Когда началась вторая часть, над их головами начали появляться звезды. Литавра лежала навзничь на поверхности, которая начала проседать под ней, наподобие песка или какой-то плотной жидкости. Она позволила ей облечь себе лопатки, а Барнум тем временем своими руками извлекал музыку из ее тела. Он обнаружил пригоршни чистых, колокольных тонов, которые не были обременены тембром и отзвуками, а существовали сами по себе. Коснувшись ее губами, он втянул в себя полный рот аккордов, и выдувал их один за другим, так что они, как пчелы, роились вокруг его бессмысленных слов, все время изменяя гармонии его голоса.

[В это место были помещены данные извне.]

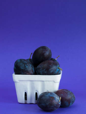Ripe purple plums scattered from the small decorative bucket on the white background.Close up with selective focus. Horizontal with copy space.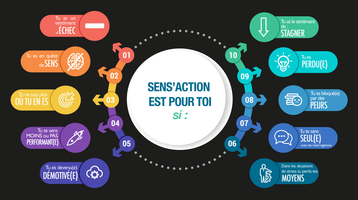 Sens’ACTion s’adresse aussi à celles et à ceux qui vivent un creux dans leur carrière ou une mauvaise passe. Face à la frustration on peut vivre une perte de sens. Se lever le matin ou même se remobiliser devient difficile. Ces situations sont d’autant plus compliquées à gérer qu’elles ont souvent un impact social et familial important. Nous travaillerons à identifier ensemble, grâce à plusieurs outils la direction à prendre et comment la prendre.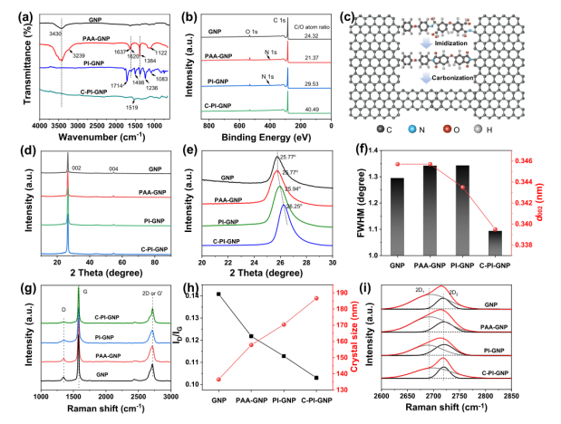 圖2. GNP、PAA-GNP、PI-GNP和C-PI-GNP骨架的(a)FTIR和(b)XPS光譜;(c)亞胺化和碳化過程中分子結構演變的示意圖;GNP、PAA-GNP、PI-GNP和C-PI-GNP骨架的(d)XRD和WAXD(e)模式、(f)相應的半最大值全寬(FWHM)和(0 0 2)d間距;(g)拉曼光譜;(h)I
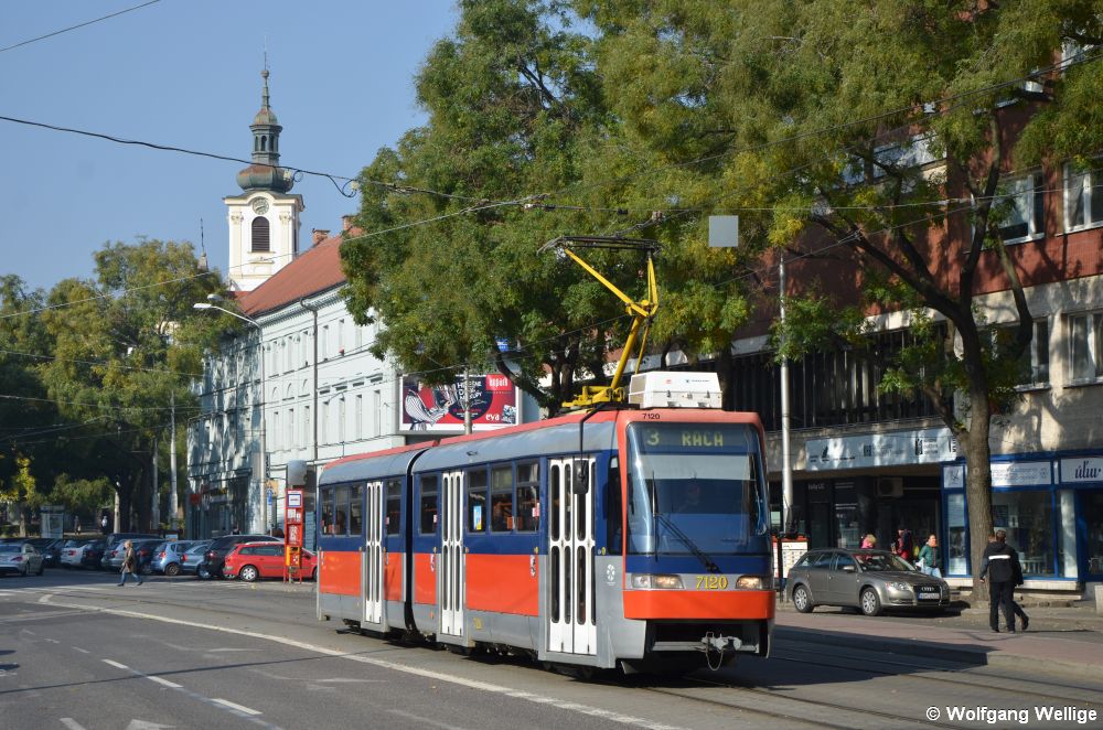 Der Tatra-K2 Wagen Nummer 7120 erreicht am 31. Oktober 2015 gleich die Haltestelle Námestie SNP (Slovenského národného povstania, zu deutsch: Platz des slowakischen Nationalaufstandes)
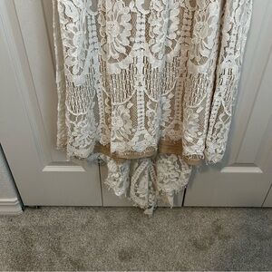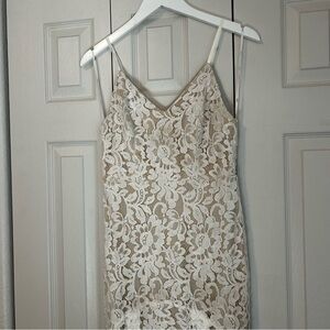 Chic cream lace dress with a mermaid hem. Perfect for elegant occasions. Features delicate lace and a flattering silhouette.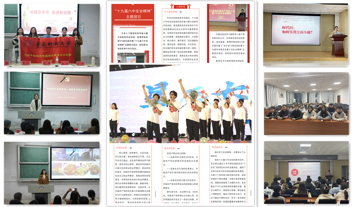 精心组织好宣讲宣传,以党建带团建,通过党支部理论学习、支部书记讲党课、党员故事汇、青马工程培训班、主题团日活动、青年大学习等形式,依托学习强国、微信公众号、数理小π、易班等新媒体渠道,构建党员干部带头讲、优秀典型示范讲、宣讲骨干广泛讲、线上线下同步讲的宣讲体系,开展对象化、分众化、互动化的线上线下宣讲新形态。推动“文艺+宣讲”深度融合,把十九届六中全会精神融入迎新晚会现场,《星辰大海》诗朗诵节目用学生喜闻乐见的方式发出坚强号召,向青年学生宣传全会精神,传递党的声音。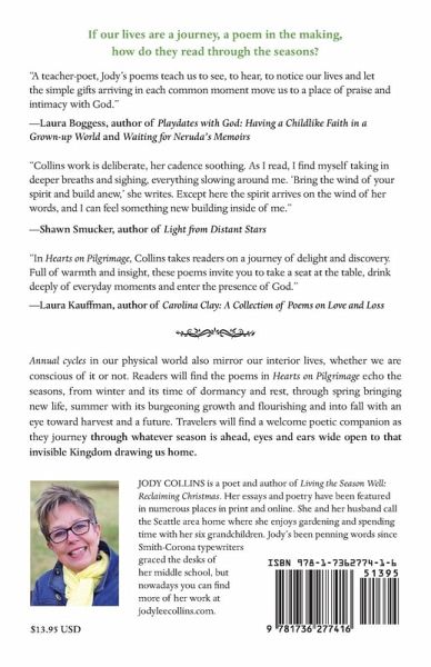 "I've no chisel but this pen chipping at paper like stone" begins Hearts on Pilgrimage, but what a chisel author Jody L. Collins wields in this exquisitely sculpted collection of quiet poems that bring comfort, contemplation, and gratitude in difficult times. Her poetry echoes the seasons, from winter's dormancy and spring's new life to summer's exuberant growth and the fall harvest, looking through the lens of a physical world that also mirrors our interior lives. Whether it's picking autumn raspberries, listening to a violent thunderstorm, witnessing the first flight of a chickadee, or contemplating the memory of an absent father, Collins invites us to slow down and notice the extraordinary everyday moments in our journeys with nature, Christianity, spirituality, and family.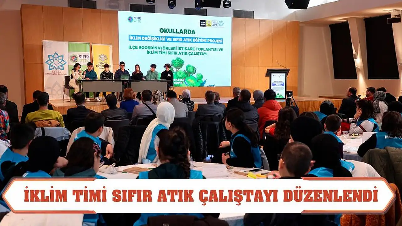 Konya Büyükşehir Belediyesi ve İl Millî Eğitim Müdürlüğü tarafından 31 ilçedeki okullarda yürütülen 'İklim Değişikliği ve Sıfır Atık Eğitimi Projesi' kapsamında İlçe Koordinatörleri Toplantısı ve İklim Timi Sıfır Atık Çalıştayı yapıldı.Büyükşehir Taş Bina
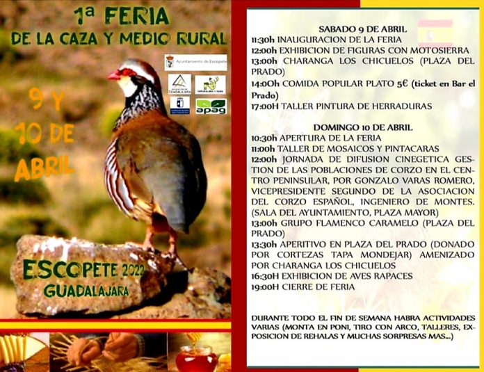 El Ayuntamiento de Escopete (Guadalajara), una pequeña población situada en la Baja Alcarria, celebrará los próximos 9 y 10 de abril la ‘Primera Feria de Caza y Medio Rural’.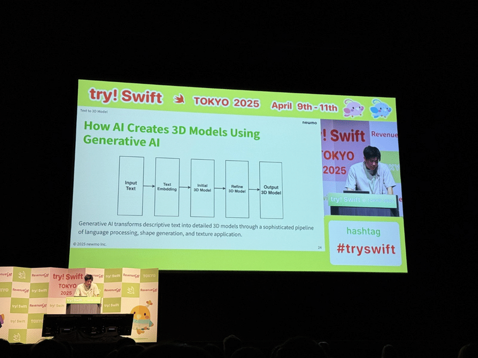 このセッションでは、 Vision Pro (visionOS)と生成型AIを組み合わせて、テキストプロンプトからリアルタイムで3Dオブジェクトを生成する手法が紹介されました。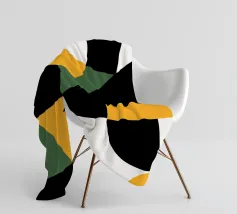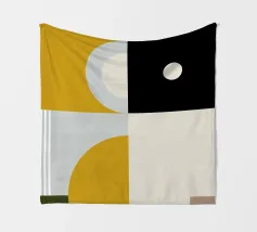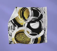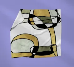 Forme astratte in nero, bianco e oro creano una composizione dinamica con curve fluide e angoli acuti. Il gioco di colori aggiunge profondità e movimento, suggerendo un senso di energia e contrasto.

Она вытянула руки за головой и открыла рот, хватая руками песок, который был для нее на ощупь таким же настоящим, как и ее собственное тело. Вот здесь и была та сексуальность, которой искал Барнум. Она была бесстыдна и чувственна, как богиня индуистского пантеона, ее тело кричало, как кларнет диксиленда, и звуки достигали раскачивающихся над ними стволов деревьев и при столкновении друг с другом хлопали, как тряпки. Она, смеясь, подняла руки к лицу и следила за тем, как между кончиками пальцев проскакивают белые и голубые искры. Искры скакали к Барнуму, и там, где они попадали на него, появлялось сияние.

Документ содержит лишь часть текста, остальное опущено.